2. The Yankees have been looking for right-handed bullpen help for about two months now, and Warren was very good in exactly that role last season. He’s as reliable as any option to fill that hole, and he should be able to help in that capacity. Is that more valuable than having him as a starter? Maybe not.
3. Sabathia is Sabathia. Can’t ignore that fact. Whether that’s a good reason is certainly a worthwhile debate, but it factors into the general belief that Sabathia was going nowhere. This guy was the team’s ace for five years, and he’s signed through next season with a vesting option for 2017. The Yankees are, of course, going to try to get him straightened out.
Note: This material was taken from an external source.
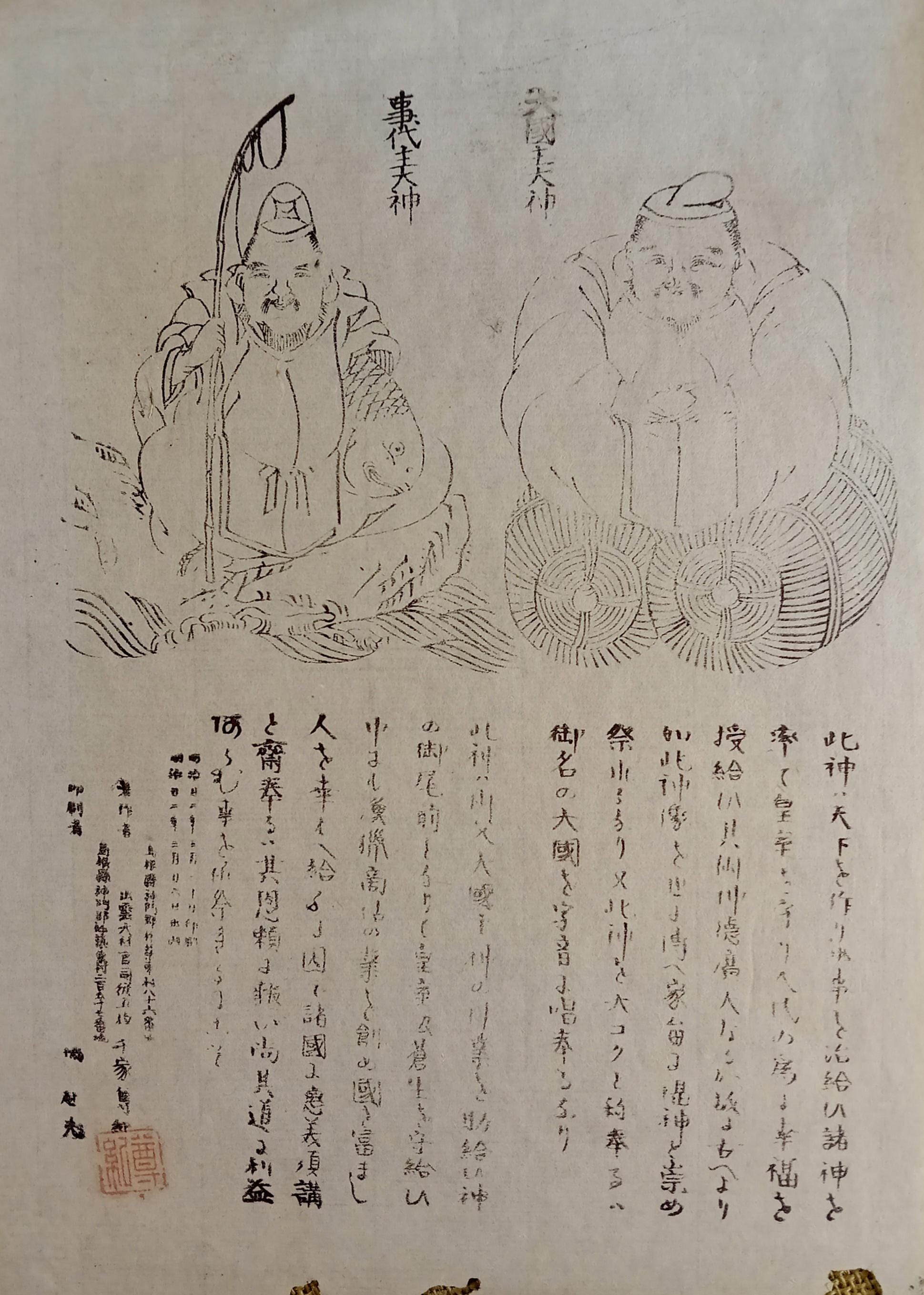 This sheet shows Ōkuninushi no kami (Daikoku) together with his son Kotoshironushi no kami (Ebisu), worshipped as paired gods of prosperity and protection.
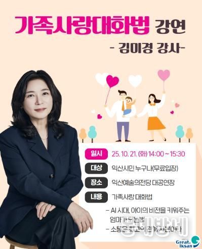 익산시 관계자는 "교육은 가정과 지역이 함께 키워가는 백년지대계"라며 "이번 강연이 시민들에게 교육의 가치를 다시금 생각하고, 아이들의 미래를 함께 고민하는 의미 있는 시간이 되길 바란다"고 말했다.

4. Fifteen years in the big leagues, and Sabathia’s never made an appearance out of the bullpen. Not one. His splits this season suggest he might be a useful lefty specialist, but who knows how he’d handle such an unfamiliar role? Is that reason not to try it? Again, that’s up for debate. But if the team’s looking for a reliever, Sabathia’s not necessarily a dependable option.
5. Girardi’s always had a tendency to stick with his veterans. So far, it’s worked with Carlos Beltran this season. It didn’t work with Brian Roberts last year. I suppose it’s worth noting that this isn’t a Girardi-only approach. The San Francisco Giants kept using Barry Zito as a starter even when his career was running off the rails. In seven regular seasons with the Giants, Zito made 197 starts. He pitched out of the bullpen just 11 times.
So, yes, we knew this day was coming, but that doesn’t make the reality any less jarring. There were reasons to do it, but at the end of the day, the Yankees just took arguably their best starter out of the rotation, and stuck with the guy who keeps walking a fine line between barely getting by and consistently falling apart.